=== GIVEN DATA ===

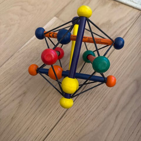 Selger en Manhattan Toy Skwish molekylrangle som fremstår som helt ny. Den lille her hjemme har hatt veldig mange leker og har derfor ikke rukket å leke så mye med alle sammen, så denne er i topp stand. Det er en klassisk og prisvinnende rangle som er flott for utviklingen av motorikken. Kan hentes på Smestad.
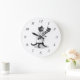 A wall clock with a vintage black and white drawing of a cat wearing glasses and a coat, tipping his top hat, with vintage black numbers Click Customize It to add your name or message.
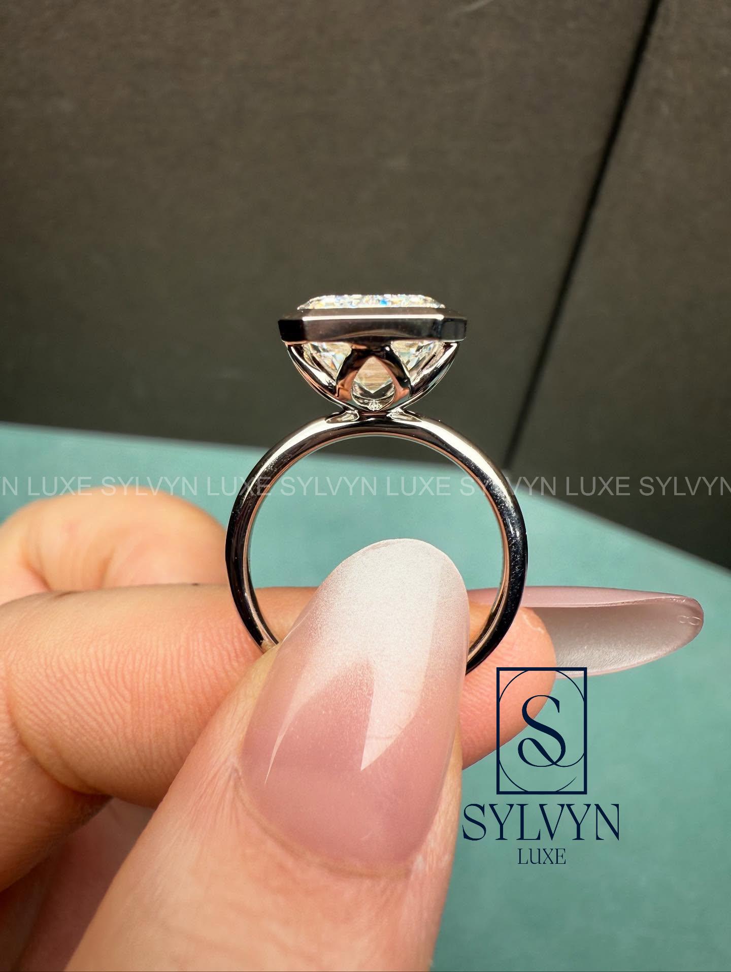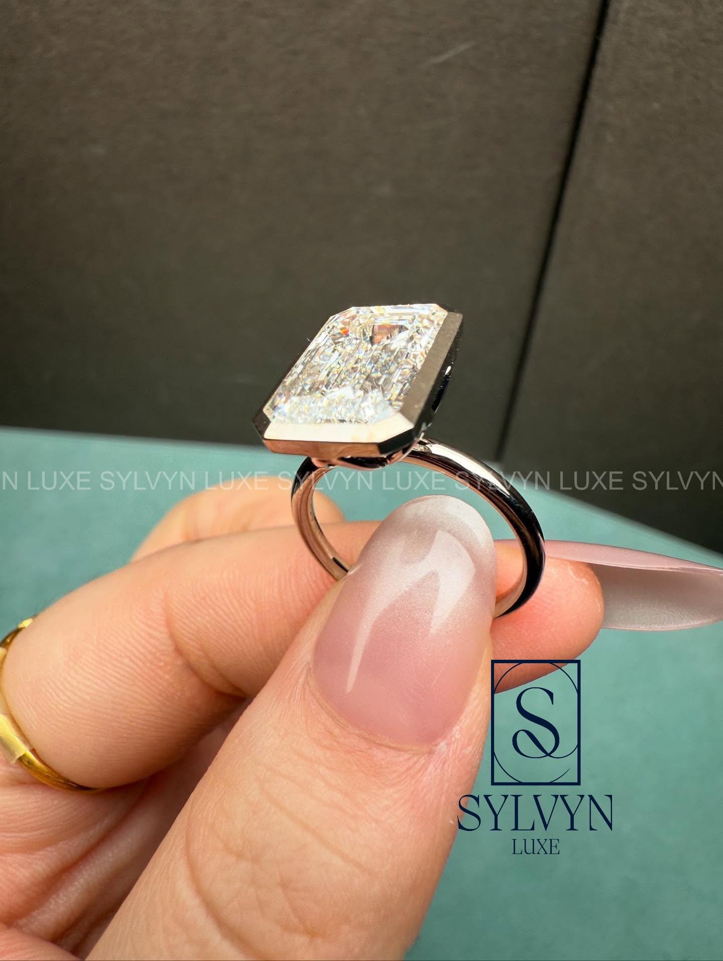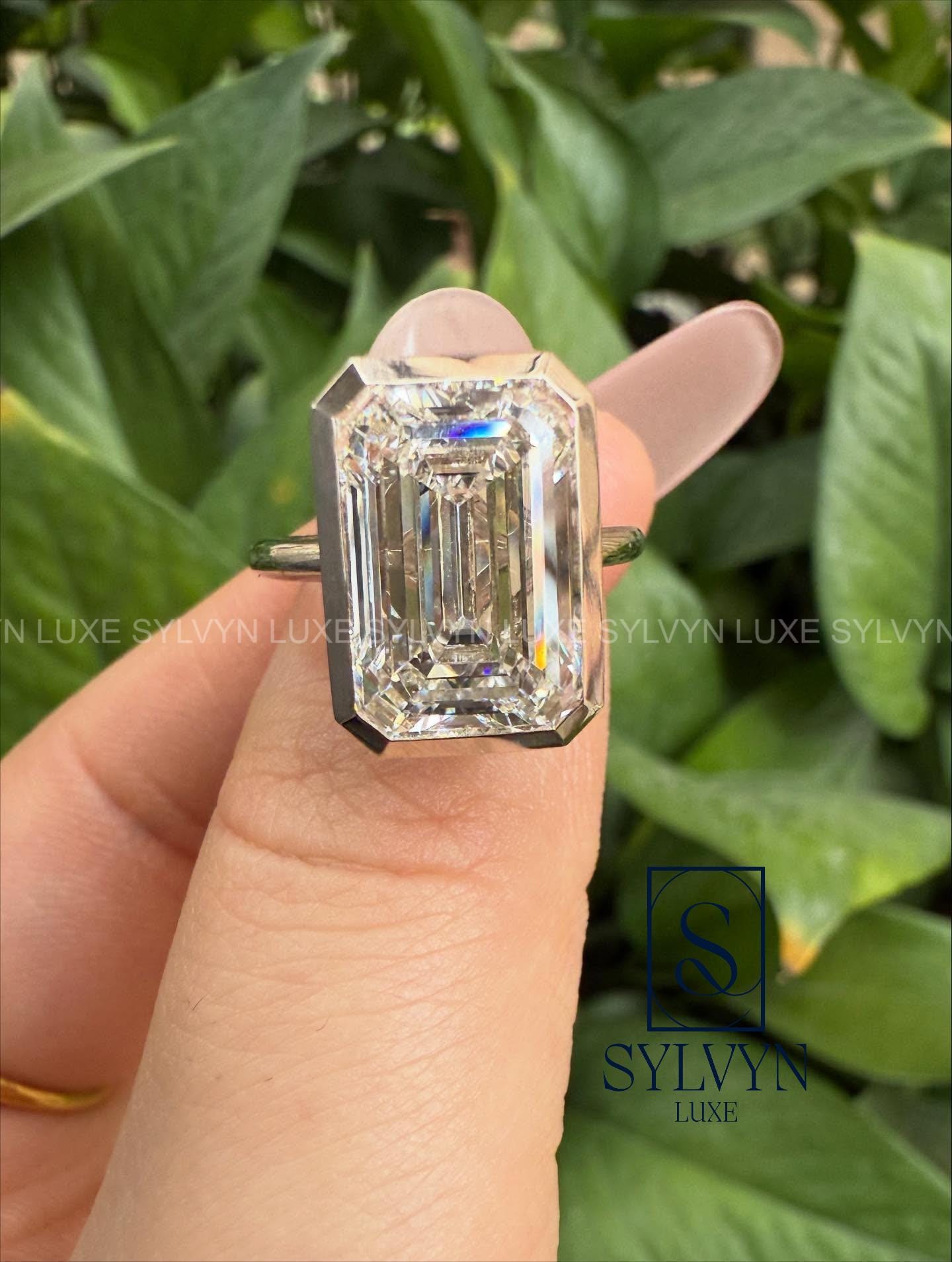 Bezel Set Emerald Cut Lab Grown Diamond Ring, Gold Engagement Anniversary Ring, IGI Certified, Gift For Her, Valentine's Day Gift
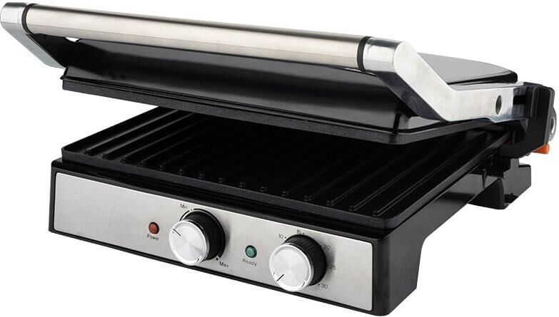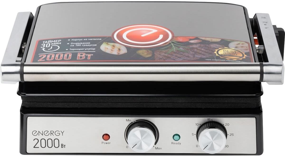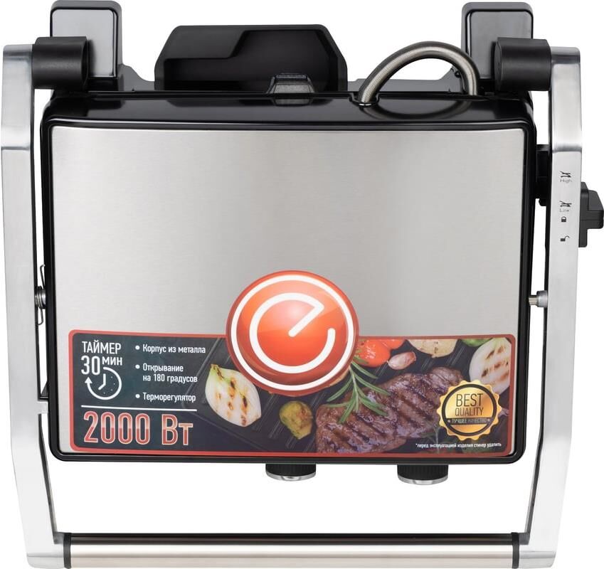 Гриль Световой индикатор работы и нагрева Терморегулятор Таймер на 30 минут Ненагревающаяся ручка Прорезиненные ножки Корпус их термостойкого пластика и металла Открывание на 180 градусов Мощность 2000Вт Размер: 29*23см Длина шнура 75 см
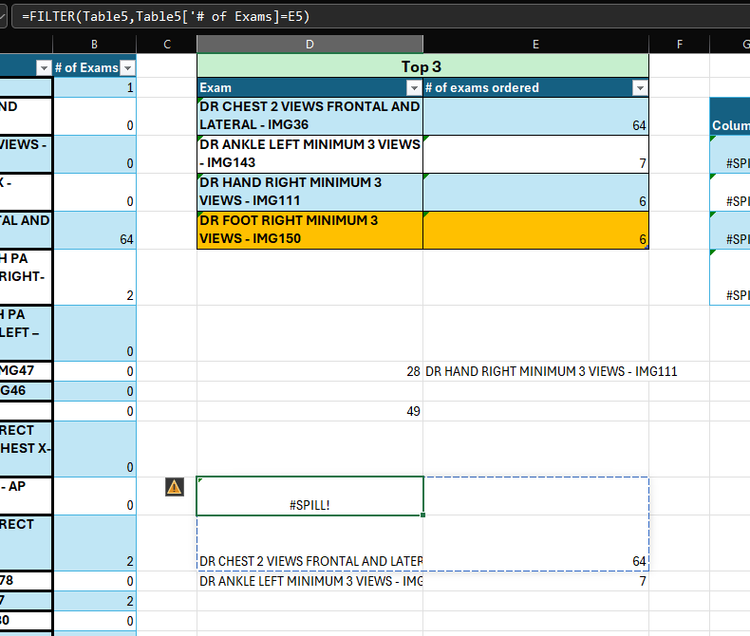However I did try =FILTER(Table5,Table5['# of Exams]=E3), but if the data set is more then 3 rows, then It says Spill and It's the same problem as above, I need it to automatically add rows so that all my results can be shown.
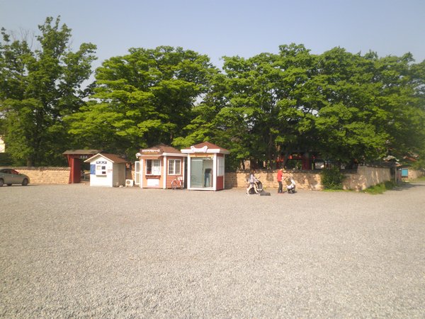분황사의 앞은 넓은 주차장.정규의 문은 사진우오에 있지만, 열려 있지 않다.
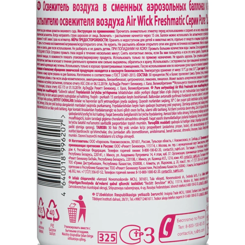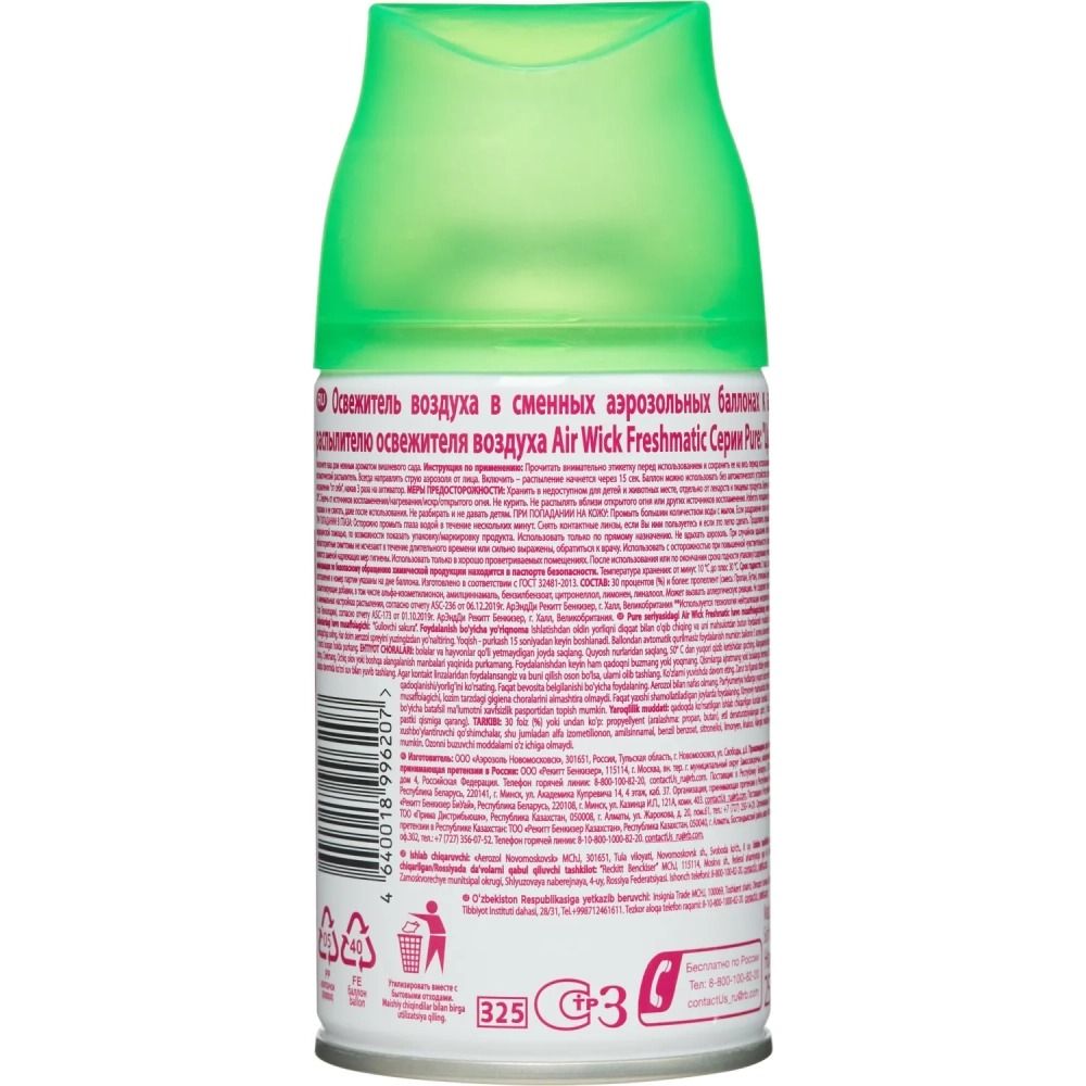 Баллон сменный для автоосвежителя Air Wick Pure Цветущая сакура, 250мл
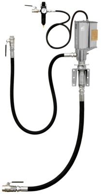 For dispensing lubricating oils and similar products up to SAE 140 in piped systems. Recommended if more than 3 outlets are in use simultaneously. Quiet and double acting operation and easy to fit to drum or tank. Includes: wall bracket, 1/4” filter regulator, 1,5m air line hose, 2 pcs hoses for oil, 3 pcs ball valves
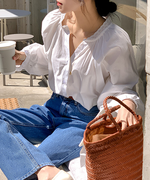 [단독][❤하객룩/오피스룩/출근룩] MADE 모코 루즈핏 펀칭 브이넥 블라우스 - 2color (긴팔블라우스)
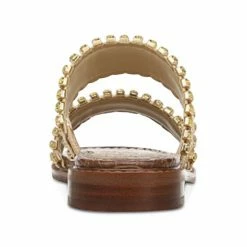 Woven with striking patterns and shine, the Hopie sandals from Sam Edelman trim a simple slide silhouette with sparkling rhinestones.
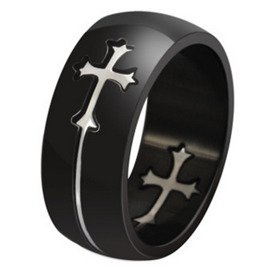 Czarna Obrączka Krzyż Stal Chirurgiczna
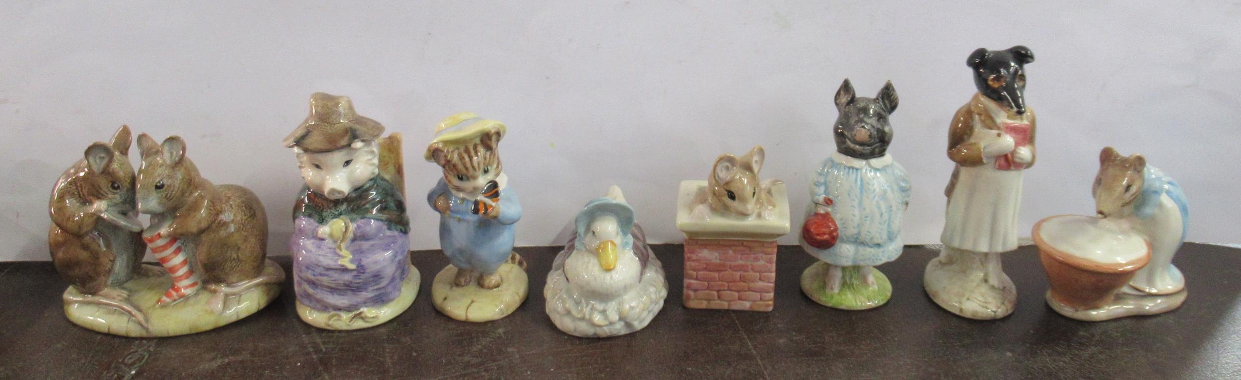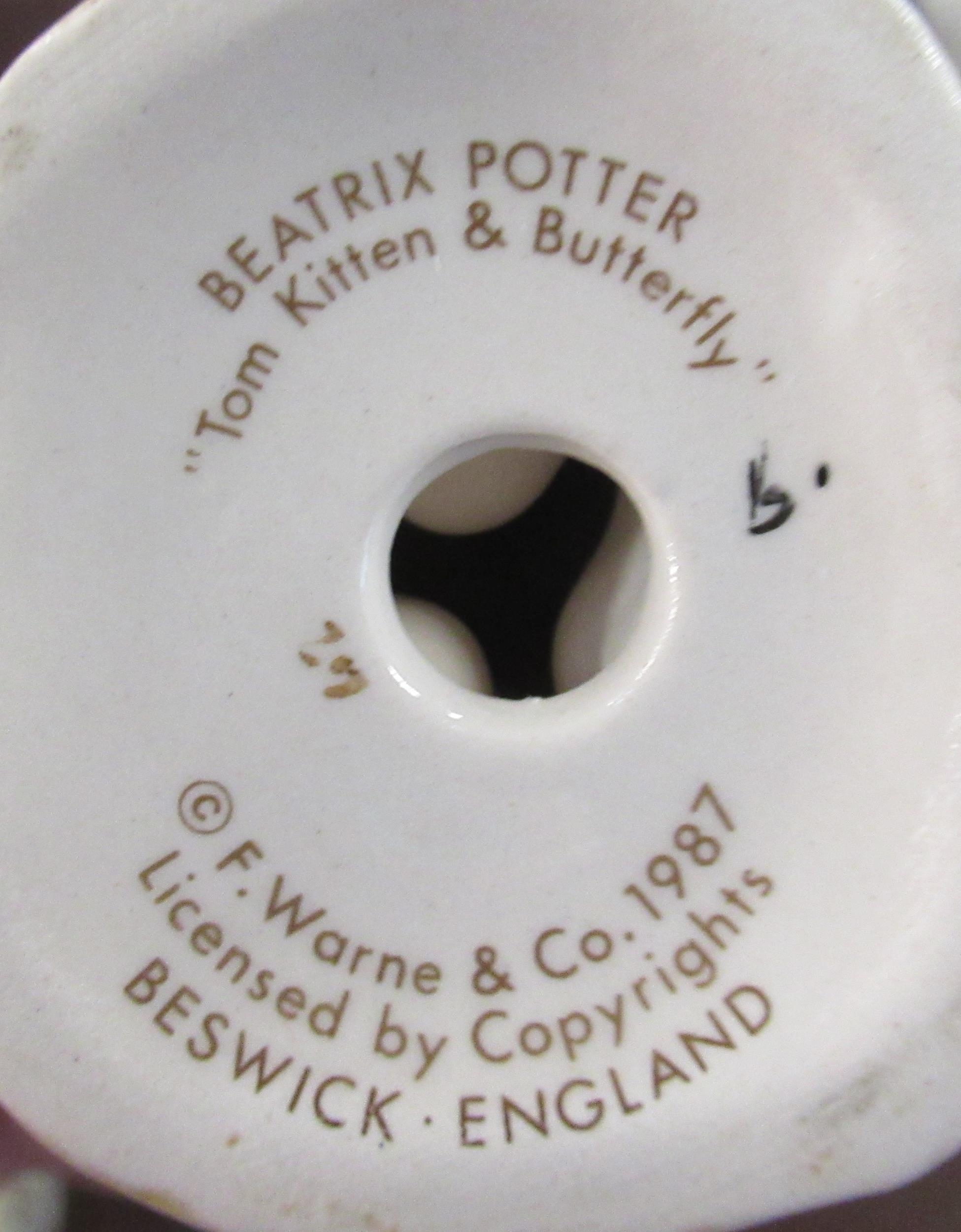 8 Beswick Beatrix Potter figures, together with 2 Royal Albert figures to include Tom Kitten and butterfly, Pickles Pig Wig and Tom Thumb etc

=== PROBLEM TO WORK ON ===
What is needed is an exact copy of the lines above from the one with "Гриль Световой индикатор" to the one with "For dispensing lubricating", both ends kept, and nothing more; please leave the pictures out.

=== ANSWER AREA ===
 Гриль Световой индикатор работы и нагрева Терморегулятор Таймер на 30 минут Ненагревающаяся ручка Прорезиненные ножки Корпус их термостойкого пластика и металла Открывание на 180 градусов Мощность 2000Вт Размер: 29*23см Длина шнура 75 см
However I did try =FILTER(Table5,Table5['# of Exams]=E3), but if the data set is more then 3 rows, then It says Spill and It's the same problem as above, I need it to automatically add rows so that all my results can be shown.
분황사의 앞은 넓은 주차장.정규의 문은 사진우오에 있지만, 열려 있지 않다.
 Баллон сменный для автоосвежителя Air Wick Pure Цветущая сакура, 250мл
 For dispensing lubricating oils and similar products up to SAE 140 in piped systems. Recommended if more than 3 outlets are in use simultaneously. Quiet and double acting operation and easy to fit to drum or tank. Includes: wall bracket, 1/4” filter regulator, 1,5m air line hose, 2 pcs hoses for oil, 3 pcs ball valves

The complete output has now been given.